§ Goal of the exercise
Everything from the line that contains "- Писсуар имеет" through the last line below should be transcribed exactly, except the pictures.

§ Data excerpt

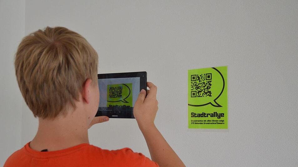 Vorgestellt wurden die Clips im Rahmen der interaktiven Stadtrallye "Grundrechte mit allen Sinnen". Sie richtete sich an Schulklassen der siebten und achten Jahrgangsstufen der Coburger Mittelschulen. 120 Schüler machten mit und waren dabei die ersten, die per QR-Code die Clips sehen durften. Ramona Scheibe, Praxisstudierende beim Amt für Jugend und Familie, erarbeitete die Rallye und führte sie in Zusammenarbeit mit einer Reihe von Einrichtungen und Organisationen durch. Die Jugendlichen führte ein Laufzettel auf einen Streifzug durch die Stadt.
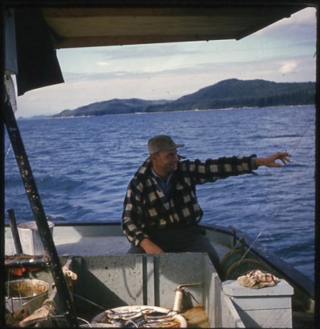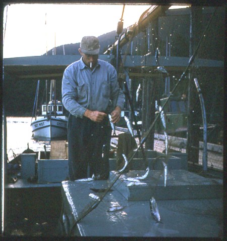 Below we see Carl Jensen cleaning fish near the entrance of Funter Bay. A skein of salmon eggs is in his hand. The cannery and some other trollers are barely visible in the background:
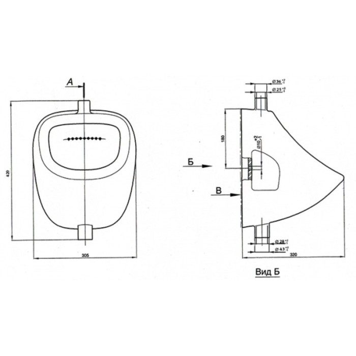 - Писсуар имеет следующие размеры: высота — 420 мм, глубина — 320 мм.
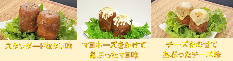 【あぶりマヨネーズ味】市販のマヨネーズを肉巻きおにぎりの上にお好み量かけて、ガスバーナーで5秒程度マヨネーズ部分をあぶってください。

§ Answer to the exercise
 - Писсуар имеет следующие размеры: высота — 420 мм, глубина — 320 мм.
 【あぶりマヨネーズ味】市販のマヨネーズを肉巻きおにぎりの上にお好み量かけて、ガスバーナーで5秒程度マヨネーズ部分をあぶってください。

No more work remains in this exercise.